PI: Dr. Anum Glasgow, assistant professor. I started my group in 1/2022. Recently, I designed the first de novo ligand binding site in a protein-protein interface to build chemically inducible sense/response systems; determined the allosteric mechanism of a classic transcription factor; and developed potent, mutation-robust therapeutics to treat SARS-CoV-2 infections. In our research group, we study the evolution of allosteric signal transduction in protein families, develop therapeutics, and build new technologies and software for high-throughput predictions of mutation-driven conformational changes in proteins.

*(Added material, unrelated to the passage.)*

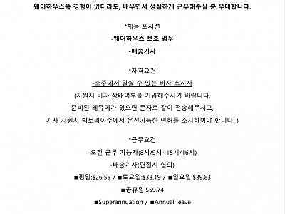 Keysborough VIC 3173 5일 또는 12일 단기 알바 하실분 구합니다. 45불 캐쉬 하루 10시간식

Scientist: Kyle Weber, graduate student. Expertise: protein design, bioinformatics. Kyle joined our group as a technician in 1/2022 and is now as a 2nd-year graduate student. He grew up watching citrus trees in rural Florida die from a disease called citrus greening, which motivates his work in protein engineering for environmental applications. Here, Kyle has spearheaded the development of a new biotherapeutic format. Kyle and Chenlin are now computationally redesigning transcription factors as allosteric sensors and regulators to link continuous plastic degradation in continuous microbial culture to the production of value-added chemicals for plastic upcycling. They use a yeast surface display assay to screen their computationally designed sensors.
Scientist: Dr. Chenlin Lu, postdoctoral fellow. Expertise: MD simulations, allostery. Chenlin finished his Ph.D. at Tsinghua University 1.5 years ago, where he studied enzymatic molecular recognition, before joining us as a postdoctoral fellow. Chenlin is an expert in molecular dynamics (MD) simulations and has developed new methods to combine these with experimental hydrogen-deuterium exchange / mass spectrometry data to understand residue-resolved changes in free energy associated with ligand-induced conformational changes in transcription factors, which guide our computational protein design strategies.